* **Data shown**:
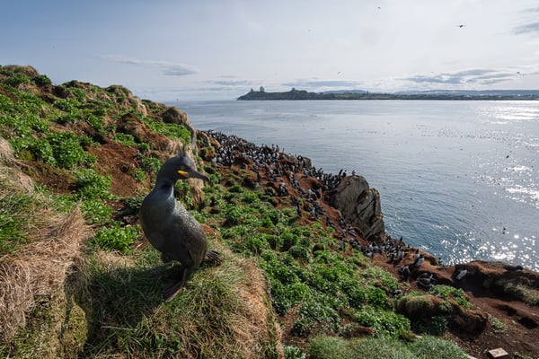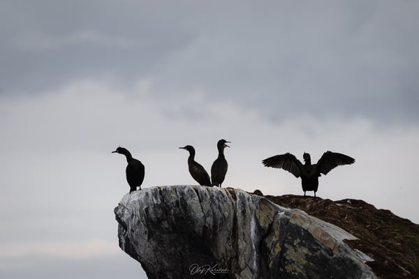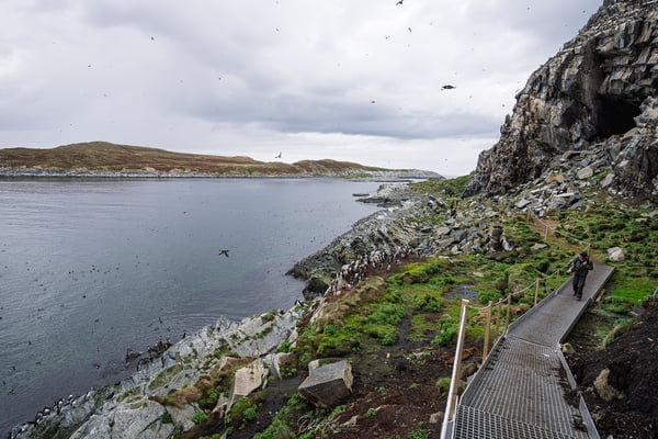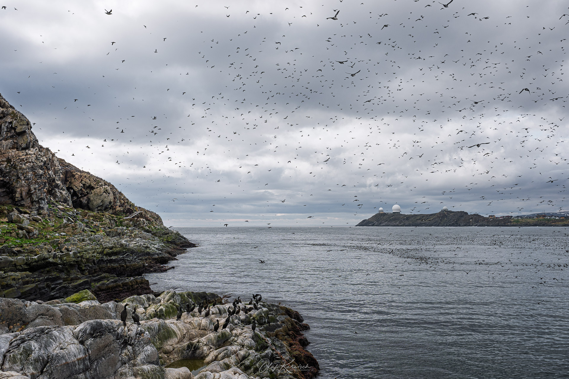 Schon während der Überfahrt sind wir überwältigt. Tausende von Vögeln steigen aus dem Wasser und den Steilwänden auf. Zwei Seeadler gleiten dicht an der Küste entlang und sorgen für ordentlich Tumult. Überall kreischen, flattern und jagen Vögel durcheinander. Wir wissen gar nicht, wo wir zuerst hinschauen sollen. Auf den Bildern lassen sich diese gewaltigen Vogelschwärme kaum erahnen – daher nehmen wir nur ein einziges Foto dieser Szene in unsere Auswahl.
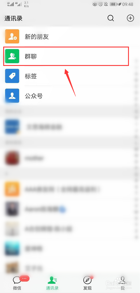 进入了【通信录】具体页面后,点击页面中上部的【群聊】选项,进入群聊列表页面
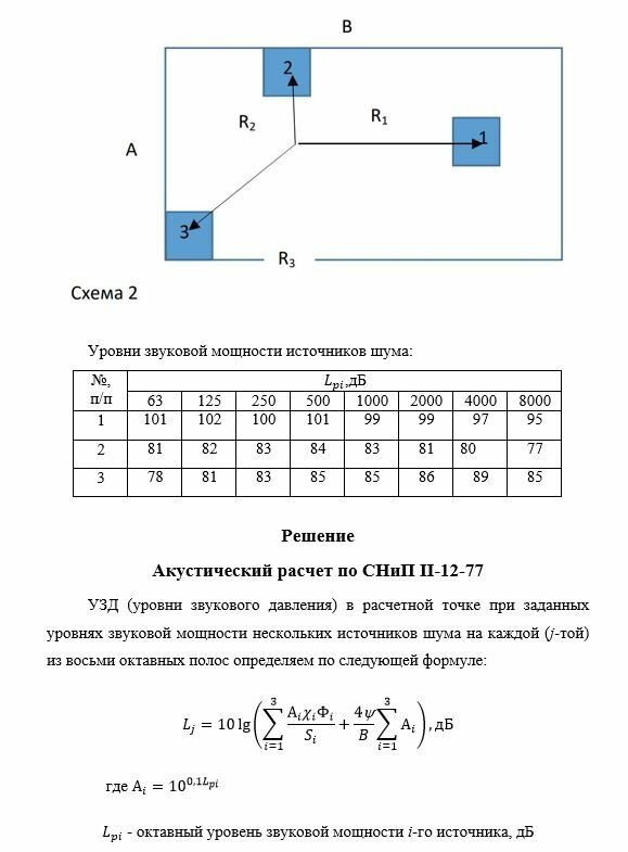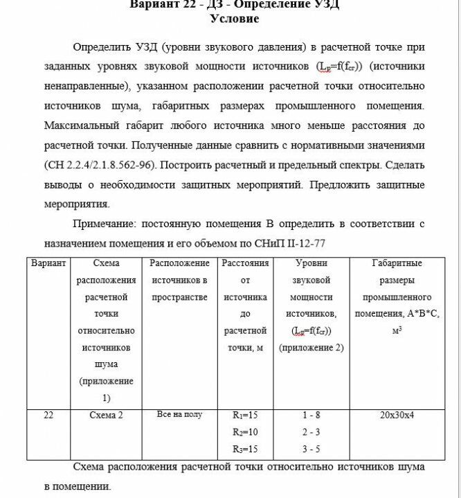 Определить УЗД (уровни звукового давления) в расчетной точке при заданных уровнях звуковой мощности источников (Lp=f(fсг)) (источники ненаправленные), указанном расположении расчетной точки относительно источников шума, габаритных размерах промышленного помещения. Максимальный габарит любого источника много меньше расстояния до расчетной точки. Полученные данные сравнить с нормативными значениями (СН 2.2.4/2.1.8.562-96). Построить расчетный и предельный спектры. Сделать выводы о необходимости защитных мероприятий. Предложить защитные мероприятия.
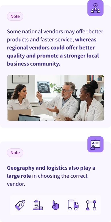 You must also compare national and regional distributors. Some national vendors may offer better products and faster service, whereas regional vendors could offer better quality and promote a stronger local business community.
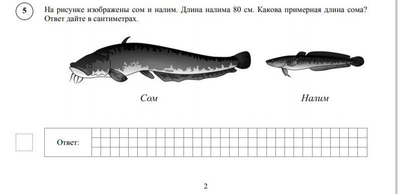 На рисунке изображены сом и налим. Длина налима 80 см. Какова примерная длина сома?
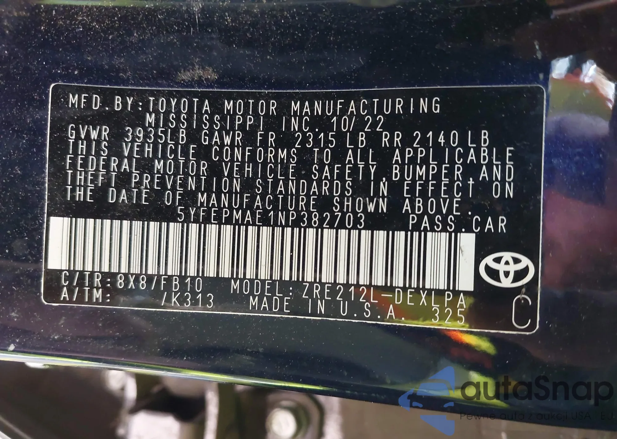 LOT: 43272567 VIN: 5YFEPMAE1NP382703
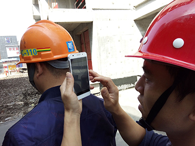 项目安全员吴彬正在用手机扫描工人安全帽上的二维码查看信息
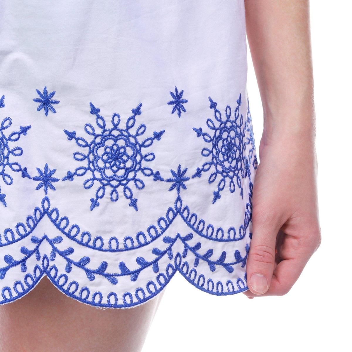 Add a touch of charm with the Womens Embroidered Scalloped Shorts. Featuring a stylish embroidered design, scalloped hem, elastic waistband, and side seam pockets, these shorts offer a breezy 3-inch inseam. Fabrication is 100% cotton.
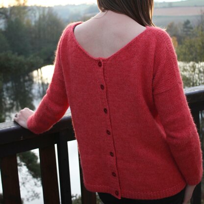 Sur un nuage [on a cloud] is the perfect cozy sweater, the one you won’t leave this winter because it feels so good and is both comfy and feminine with the buttoned back that gives a twist of sensuality to this casual pattern. We will start working on the top of the front, then pick up stitches on the shoulders to work the backs before joining for body and picking up stitches to work sleeves in the round.
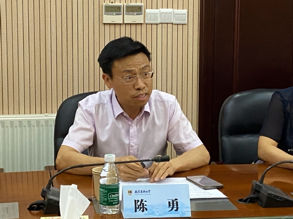 陈勇书记致辞,他简要介绍了学校、学院和专业建设情况。陈书记希望通过本次交流会,与新华保险公司江苏分公司建立联系,找到更多的合作空间,为同学们提供更多的实习和就业机会。
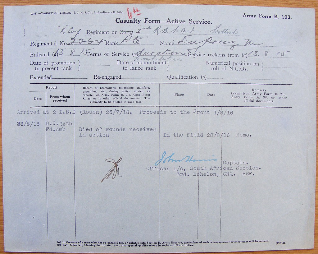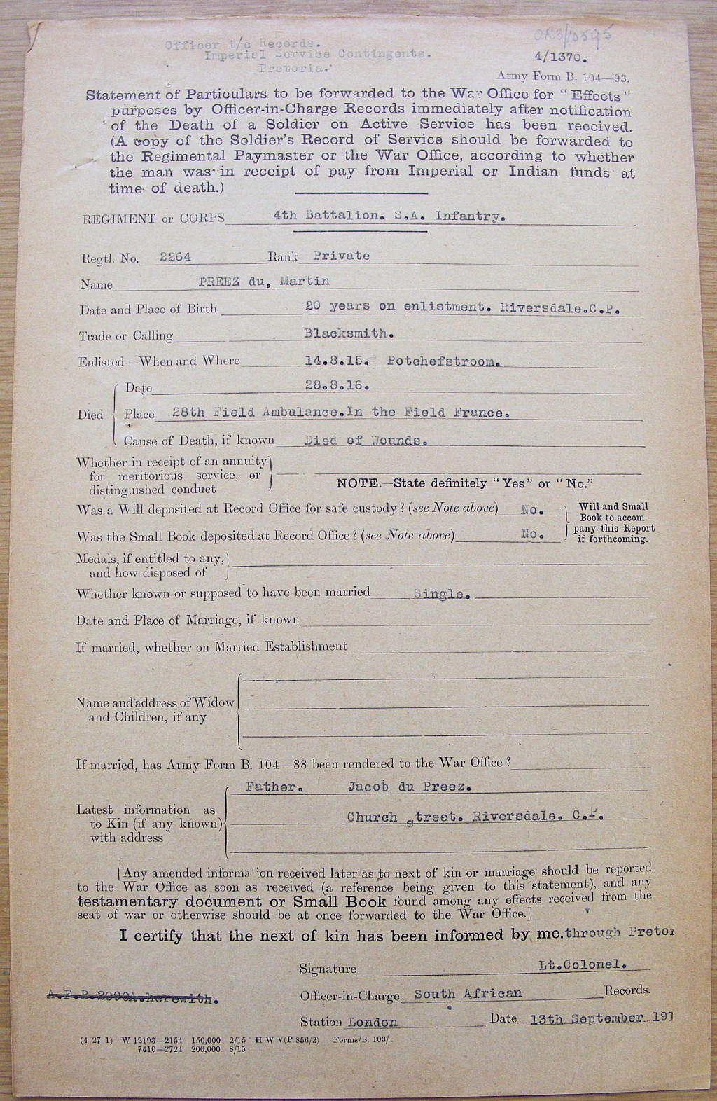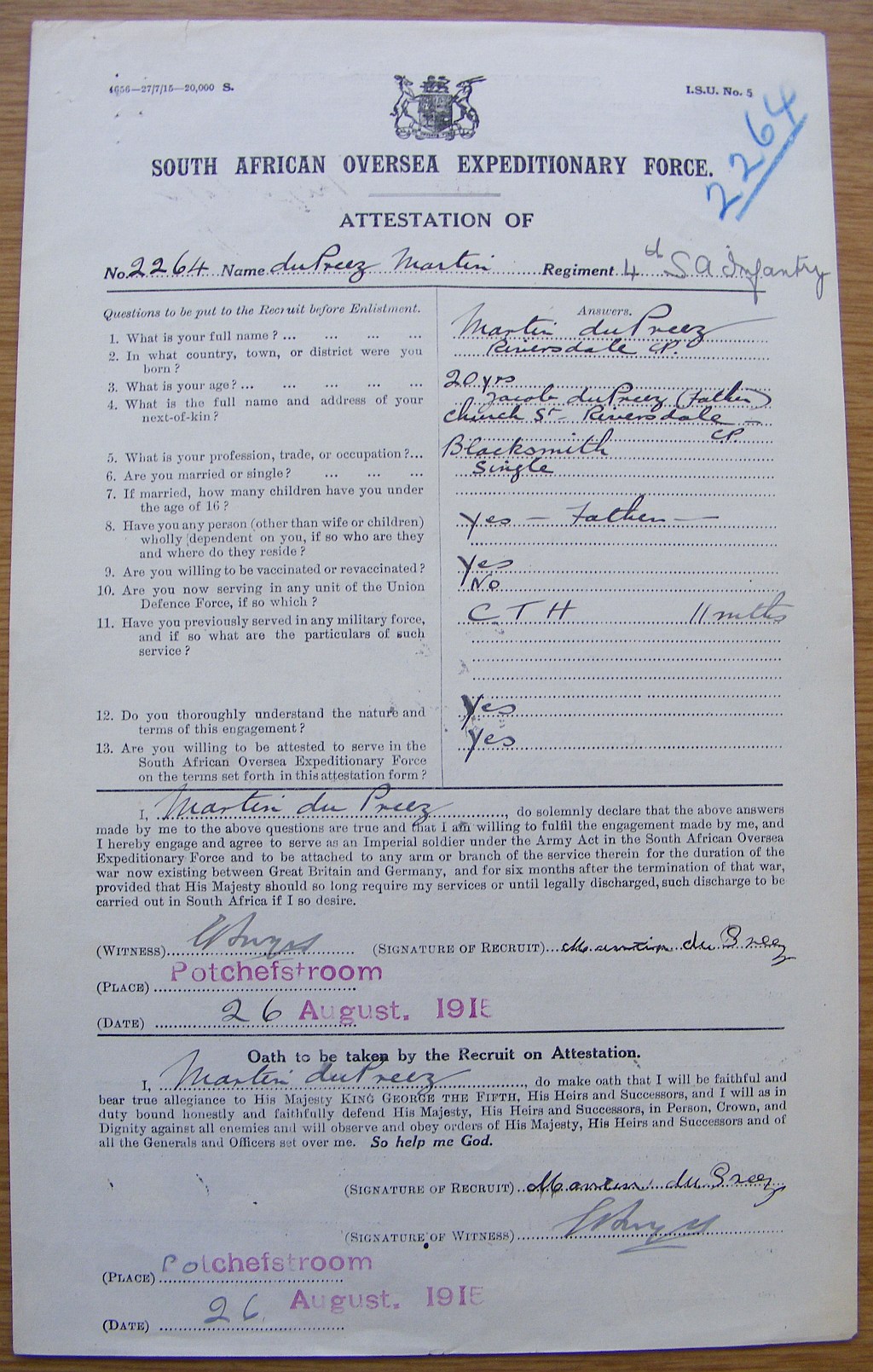 Son of Jacob Samuel and Johanna Gerhardia du Preez, of Church St., Riversdale, South Africa.

* **Task directions**: Please write out all of the material above without changing a word, and omit any pictures.

* **Answer section**:
 Schon während der Überfahrt sind wir überwältigt. Tausende von Vögeln steigen aus dem Wasser und den Steilwänden auf. Zwei Seeadler gleiten dicht an der Küste entlang und sorgen für ordentlich Tumult. Überall kreischen, flattern und jagen Vögel durcheinander. Wir wissen gar nicht, wo wir zuerst hinschauen sollen. Auf den Bildern lassen sich diese gewaltigen Vogelschwärme kaum erahnen – daher nehmen wir nur ein einziges Foto dieser Szene in unsere Auswahl.
 进入了【通信录】具体页面后,点击页面中上部的【群聊】选项,进入群聊列表页面
 Определить УЗД (уровни звукового давления) в расчетной точке при заданных уровнях звуковой мощности источников (Lp=f(fсг)) (источники ненаправленные), указанном расположении расчетной точки относительно источников шума, габаритных размерах промышленного помещения. Максимальный габарит любого источника много меньше расстояния до расчетной точки. Полученные данные сравнить с нормативными значениями (СН 2.2.4/2.1.8.562-96). Построить расчетный и предельный спектры. Сделать выводы о необходимости защитных мероприятий. Предложить защитные мероприятия.
 You must also compare national and regional distributors. Some national vendors may offer better products and faster service, whereas regional vendors could offer better quality and promote a stronger local business community.
 На рисунке изображены сом и налим. Длина налима 80 см. Какова примерная длина сома?
 LOT: 43272567 VIN: 5YFEPMAE1NP382703
 项目安全员吴彬正在用手机扫描工人安全帽上的二维码查看信息
 Add a touch of charm with the Womens Embroidered Scalloped Shorts. Featuring a stylish embroidered design, scalloped hem, elastic waistband, and side seam pockets, these shorts offer a breezy 3-inch inseam. Fabrication is 100% cotton.
 Sur un nuage [on a cloud] is the perfect cozy sweater, the one you won’t leave this winter because it feels so good and is both comfy and feminine with the buttoned back that gives a twist of sensuality to this casual pattern. We will start working on the top of the front, then pick up stitches on the shoulders to work the backs before joining for body and picking up stitches to work sleeves in the round.
 陈勇书记致辞,他简要介绍了学校、学院和专业建设情况。陈书记希望通过本次交流会,与新华保险公司江苏分公司建立联系,找到更多的合作空间,为同学们提供更多的实习和就业机会。
 Son of Jacob Samuel and Johanna Gerhardia du Preez, of Church St., Riversdale, South Africa.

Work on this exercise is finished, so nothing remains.